*** Opening Supplied information ***
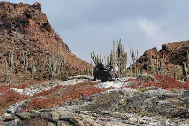 Today we visited two islands, which although close in proximity, have their own beauty and uniqueness. This morning we had a kayak outing and Zodiac ride within the canal between Sombrero chino and the coast of Santiago Island. As we approached the coast of Santiago, our Zodiac driver Maximo spotted our first set of Galapagos penguins in the water, and luckily enough, we spotted a juvenile penguin on land. On the southeastern side of Santiago Island, we also observed a small colony of penguins that nest in the lava tubes close to the shoreline.
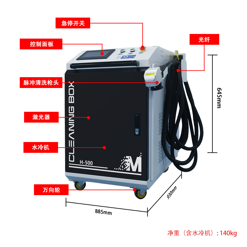 500W脈沖激光清洗機是多模平頂光斑的主力機型,性價比高,適用于中輕度銹蝕、薄漆、油污及焊縫處理,是現場維修、中小工件清洗的“萬金油”選擇。如果你要對付重度厚銹或大面積厚漆,請加預算上1000W+。
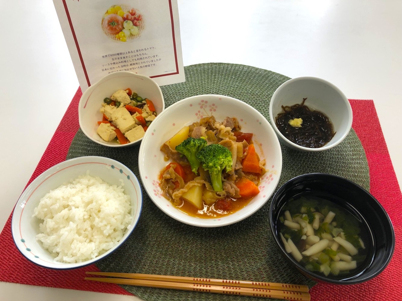 先日、食育メニューの日に、夏に特に美味しいトマトを使用した料理を提供しました。
*** Closing Supplied information ***
* _Assignment_: Please repeat each line above exactly as it appears, but omit the pictures.

* _Answer_:
 Today we visited two islands, which although close in proximity, have their own beauty and uniqueness. This morning we had a kayak outing and Zodiac ride within the canal between Sombrero chino and the coast of Santiago Island. As we approached the coast of Santiago, our Zodiac driver Maximo spotted our first set of Galapagos penguins in the water, and luckily enough, we spotted a juvenile penguin on land. On the southeastern side of Santiago Island, we also observed a small colony of penguins that nest in the lava tubes close to the shoreline.
 500W脈沖激光清洗機是多模平頂光斑的主力機型,性價比高,適用于中輕度銹蝕、薄漆、油污及焊縫處理,是現場維修、中小工件清洗的“萬金油”選擇。如果你要對付重度厚銹或大面積厚漆,請加預算上1000W+。
 先日、食育メニューの日に、夏に特に美味しいトマトを使用した料理を提供しました。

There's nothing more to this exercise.